Opened 17 years ago
Last modified 13 years ago
#272 new enhancement
Write blocking csv2pts script
Reported by: | ole | Owned by: | nariman |
---|---|---|---|
Priority: | low | Milestone: | |
Component: | Efficiency and optimisation | Version: | |
Severity: | normal | Keywords: | |
Cc: |
Description
ted Rigby has shown that ANUGA isn't performing very well if one wants to convert 18 million points in a csv file to the pts netcdf format. Currently, we do this by creating a Geospatial data object from the csv file and then exporting it to the pts format. The problem is that all data is stored in memory and this causes thrashing for large datasets. This problem is holding Ted back in running a validation against the Macquarie-Rivulaet catchment.
One solution would be to make use of blocking so that the csv file isn't read until the export code is run - and then only in blocks.
Another, and perhaps simpler, approach would be to write a conversion script, csv2pts, which does the conversion without ever having to store all data in memory.
Change History (7)
comment:1 Changed 17 years ago by ole
comment:2 Changed 17 years ago by ole
- Owner changed from duncan to ole
comment:3 Changed 17 years ago by ole
- Status changed from new to assigned
comment:4 Changed 17 years ago by duncan
Consider changing export_points_file/_write_pts_file in geospatial so if a csv/txt file is loaded using blocking calling export_points_file writes it using blocking.
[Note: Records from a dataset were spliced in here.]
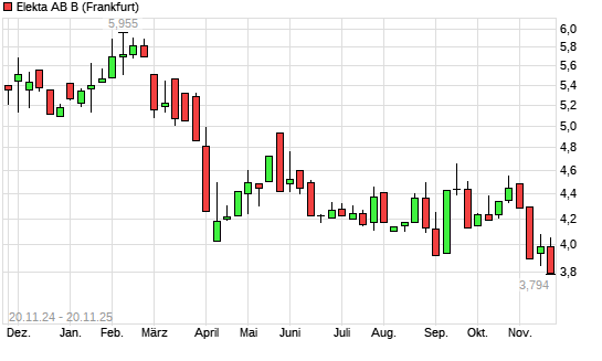 Mit dem Rücksetzer auf 3,79 EUR hat die Elekta B-Aktie (ISIN SE0000163628) am 19.11.2025 ein neues 10-Jahres-Tief erreicht und damit den Kurs vom 18.11.2025 eingestellt.Die Elekta B-Aktie ...weiterlesen
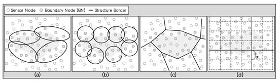 CODA [34] and BFA [37] initially and proactively establish static clusters composed of all sensor nodes on a whole sensor field and each cluster elects a cluster head among sensor nodes located in the cluster. Figure 3c illustrates these proactive clusters. When an LFO appears, the cluster head gathers data from BNs located in the cluster and reports the aggregated data to the sink. Static clustering schemes do not need to reconstruct clusters since clusters are composed of static members not BNs. Although BNs are changed in response of LFO’s alteration, new BNs already know their own clusters and the cluster heads. Static clustering schemes however consume more energy for clusters construction and maintenance than dynamic clustering schemes. Static clustering schemes construct clusters on a whole sensor field whether an LFO appears or not, whereas dynamic clustering schemes construct clusters only near the boundary of the LFO.
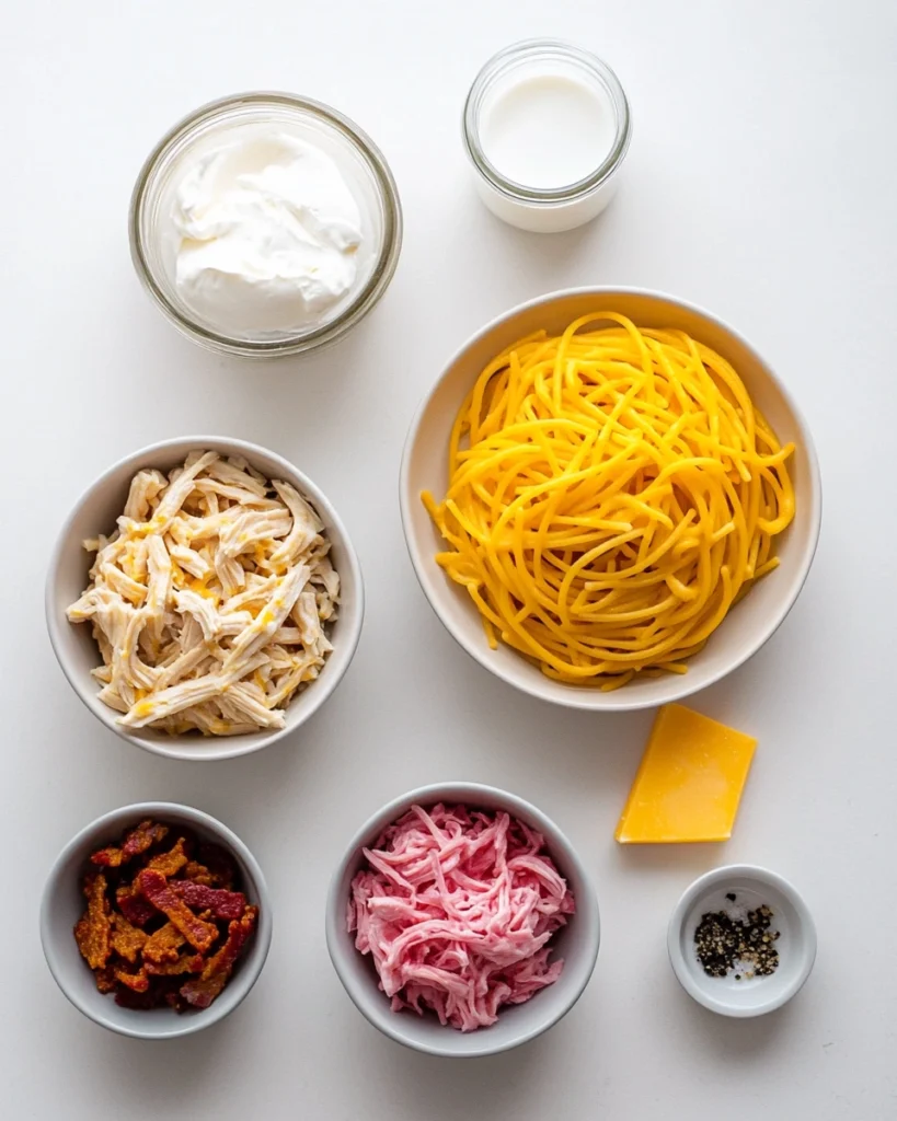 - Cooked shredded chicken – Adds hearty protein and makes the dish extra satisfying.
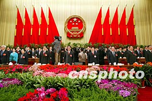 十屆全國(guó)人大一次會(huì)議十八日在國(guó)歌聲中閉幕。作者:毛建軍
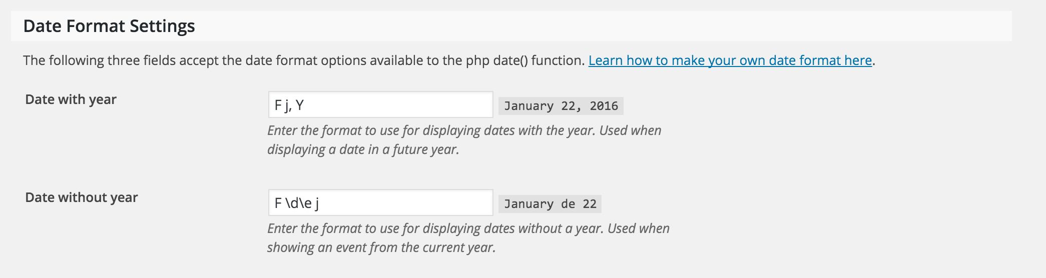 For the date format escaping literal characters, when I’m using English language for WordPress settings, changing “Date without year” format from the default “F j” to “F \d\e j” causes both the instant preview date and the wp-admin list of Events posts to display the same:

comment:5 Changed 16 years ago by ole
- Owner changed from ole to duncan
- Priority changed from high to normal
- Status changed from assigned to new
comment:6 Changed 15 years ago by nariman
- Owner changed from duncan to nariman
comment:7 Changed 13 years ago by habili
- Priority changed from normal to low
Btw - Ted asked why a hardwired blocking value of 1e30 is passed into the reader within on of the methods in Geospatial data.